Different methods depending on your mailserver.

Qmail is noted in http://www.lifewithqmail.org/lwq.html#relaying

Exchange is noted in http://www.slipstick.com/exs/relay.htm

Otherwise google is your friend www.google.ca

Then once you have checked that your relaying is off by Telnetting in and trying to send a mail through telnet from another domain via yours or go to the nice folks at http://www.ordb.org/ if you cannot use telnet to test your SMTP relaying.

If all your ducks are in place and all is OK, then contact the holder of the blacklist and suck up like crazy explaining your initial ignorance of the relaying and your action when you found it out and that you want to be unblacklisted.

*If all else fails then tell him you know me and that I'll send the boys around later on to sort him out if he doesn't unblacklist you*

But seriously, most admins can stop a person who didn't know and learned a lesson the hard way from a spam idiot_scum_sucking_pig_mofo_stuff_I_scraped_off_my_shoe_type_person and will then comply.

HTH,

Glyn

"Lack of planning on your part, does not constitute an emergency on my part."

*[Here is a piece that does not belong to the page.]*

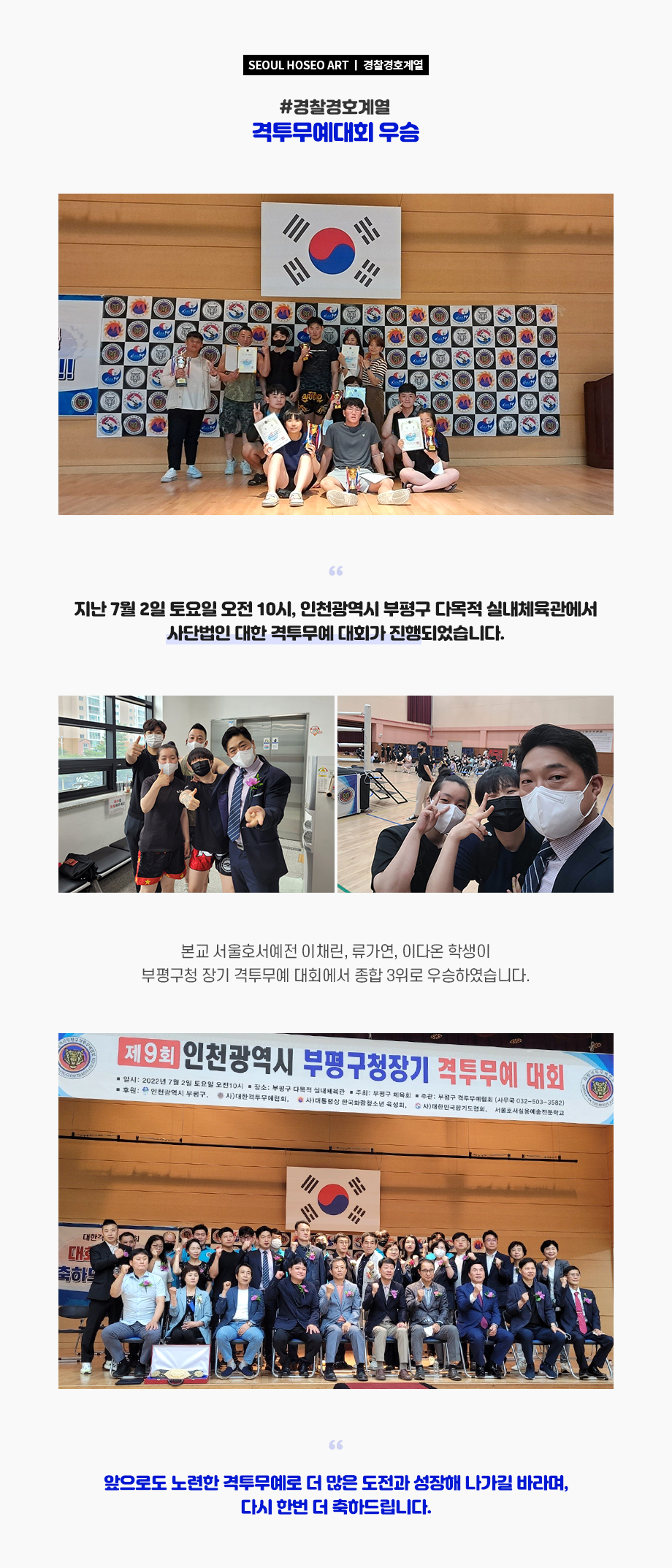 지난 7월 2일 토요일 오전 10시, 인천광역시 부평구 다목적 실내체육관에서 사단법인 대한 격투무예 대회가 진행되었습니다. 본교 서울호서예전 이채린, 류가연, 이다온 학생이 부평구청 장기 격투무예 대회에서 종합 3위로 우승하였습니다.

Originally posted by raine
Lately, I've been getting more spam on my server... and after I recently sent an e-mail, I received a reply that said my e-mail got rejected as it was SPAM-MAIL...

this is what it said:

Mail from spam source 64.191.4.74 refused - see http://www.spews.org/


Here are the entries relevant to your IP (64.191.4.74):


1, 64.191.4.19, Peter DeCaro / i-marketingpro.com (everity.com)
1, 64.191.4.0/25, Peter DeCaro / i-marketingpro.com (everity.com / servershost.net / hostnoc.net)

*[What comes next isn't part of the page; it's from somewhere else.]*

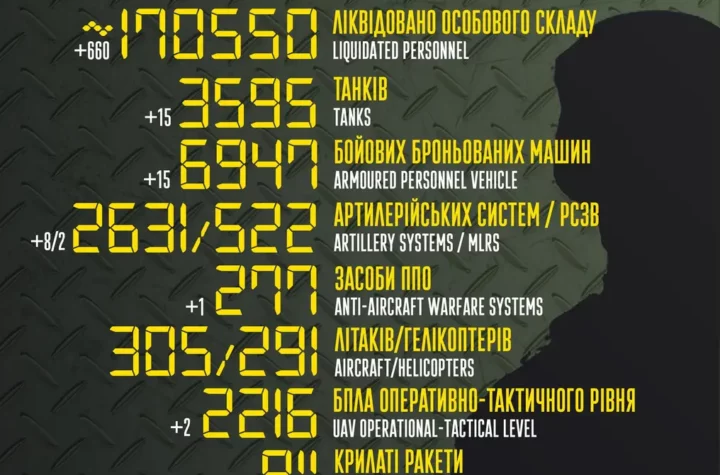 Впродовж доби 25 березня Росія втратила в Україні 660 військових, 15 танків, 15 бронемашин, 8 артсистем, 2 БПЛА та засіб...

This means that, most likely, the actual spam was coming from the IP 64.191.4.19. Your IP is being included as part of the 64.191.4.0/25 block (the IPs between 64.191.4.0 and 64.191.4.127). That block is being listed as collateral damage, and not because any spam is actually known to be coming from it. The idea is that by listing other IPs owned by the same folks who are "condoning" the spam, it puts more pressure on the IP owners to do something about it. (Whether it works is a much-debated topic, and I've no interest in discussing that here.)

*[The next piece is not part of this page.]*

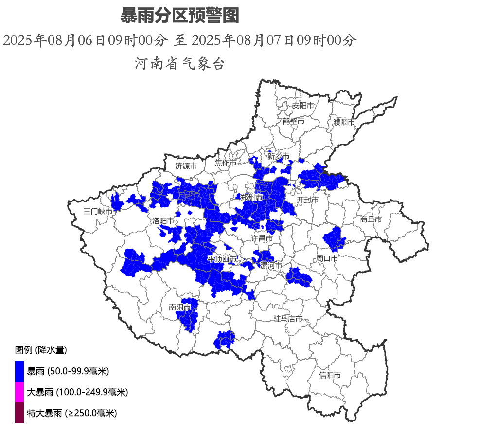 河南省气象台2025年8月6日9时发布暴雨蓝色预警:预计6日9时至7日9时,新乡中东部、三门峡东部、洛阳、郑州西部和东部、开封西部和北部、平顶山、许昌、漯河、周口北部和西南部、商丘西南部、南阳北中部和东南部、驻马店北部部分县(市、区)有暴雨,局地大暴雨,并伴有短时强降水(最大小时降水量40到70毫米,个别点80到100毫米)、雷暴大风(8到9级)等强对流天气。请密切关注属地气象部门发布的最新预报信息和气象灾害预警信号,做好防范应对工作。上述地区的相邻县(市、区)也需关注。

Either way, there's probably not a whole lot you can do. SPEWS supporters would tell you to complain to your ISP and convince them to cancel the spammer, and anti-SPEWS folks would tell you to complain to whoever runs the mailserver that you're trying to send mail to and convince him to stop using SPEWS to block mail. Neither approach is likely to work very well. You could also try to get your provider to move you to another, non-blacklisted netblock, which is more likely to work. (Of course, it that block gets blacklisted, you're back where you started.)

At any rate, the good news is that your box isn't being used to send spam (or at least none that's shown up anywhere yet), so you don't need to worry about that.